- Required work -
Your answer must be the exact lines below, starting with the line with "Denna axelväska är" and going on through the line with "こんにちは🍀 ユキヤナギ咲きました☺️ 嬉しい季節、待ってましたよ❣️", both included, with no pictures.

- Dataset content -
<<<<
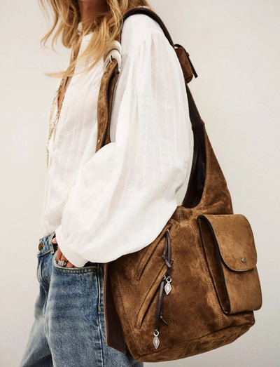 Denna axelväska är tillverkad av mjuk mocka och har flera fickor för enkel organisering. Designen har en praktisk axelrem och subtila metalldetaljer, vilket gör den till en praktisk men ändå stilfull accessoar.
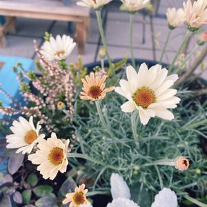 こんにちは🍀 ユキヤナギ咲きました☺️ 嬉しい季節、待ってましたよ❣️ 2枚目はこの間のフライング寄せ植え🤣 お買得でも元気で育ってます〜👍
>>>>
<<<<
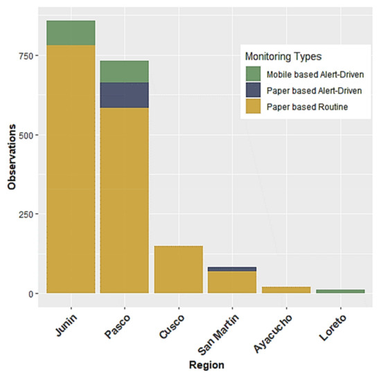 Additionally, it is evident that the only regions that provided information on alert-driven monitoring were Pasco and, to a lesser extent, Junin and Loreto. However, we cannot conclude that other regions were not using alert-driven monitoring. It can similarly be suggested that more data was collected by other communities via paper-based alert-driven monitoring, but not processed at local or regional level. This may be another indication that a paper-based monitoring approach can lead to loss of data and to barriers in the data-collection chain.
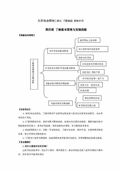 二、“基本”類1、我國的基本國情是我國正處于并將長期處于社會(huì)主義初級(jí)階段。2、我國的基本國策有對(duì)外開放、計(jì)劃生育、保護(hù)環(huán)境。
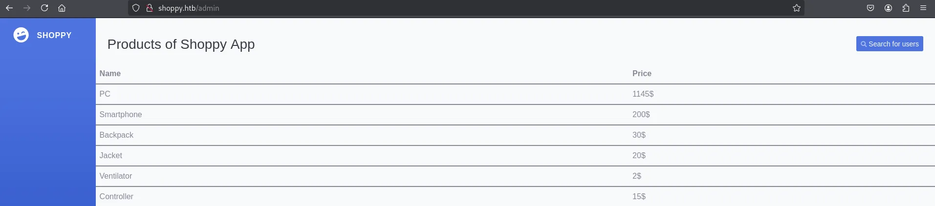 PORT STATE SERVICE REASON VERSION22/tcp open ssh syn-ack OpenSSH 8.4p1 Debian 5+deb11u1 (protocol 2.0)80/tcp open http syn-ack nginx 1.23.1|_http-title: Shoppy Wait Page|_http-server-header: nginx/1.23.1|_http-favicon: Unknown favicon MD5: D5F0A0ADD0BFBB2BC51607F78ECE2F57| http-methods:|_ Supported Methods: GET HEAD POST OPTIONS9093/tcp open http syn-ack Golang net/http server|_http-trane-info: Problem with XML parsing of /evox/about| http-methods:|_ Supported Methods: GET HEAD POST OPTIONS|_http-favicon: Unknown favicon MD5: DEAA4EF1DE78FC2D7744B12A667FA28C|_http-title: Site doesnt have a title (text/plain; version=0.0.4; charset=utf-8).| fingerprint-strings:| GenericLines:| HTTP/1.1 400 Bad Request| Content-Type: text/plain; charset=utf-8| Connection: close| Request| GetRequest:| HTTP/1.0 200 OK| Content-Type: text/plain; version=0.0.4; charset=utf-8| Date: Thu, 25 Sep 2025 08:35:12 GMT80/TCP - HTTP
>>>>
<<<<
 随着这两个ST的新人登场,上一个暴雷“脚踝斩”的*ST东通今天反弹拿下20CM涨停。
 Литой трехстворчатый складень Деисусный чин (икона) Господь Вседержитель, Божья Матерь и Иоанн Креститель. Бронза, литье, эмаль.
>>>>
- Task answer -
 Denna axelväska är tillverkad av mjuk mocka och har flera fickor för enkel organisering. Designen har en praktisk axelrem och subtila metalldetaljer, vilket gör den till en praktisk men ändå stilfull accessoar.
 こんにちは🍀 ユキヤナギ咲きました☺️ 嬉しい季節、待ってましたよ❣️ 2枚目はこの間のフライング寄せ植え🤣 お買得でも元気で育ってます〜👍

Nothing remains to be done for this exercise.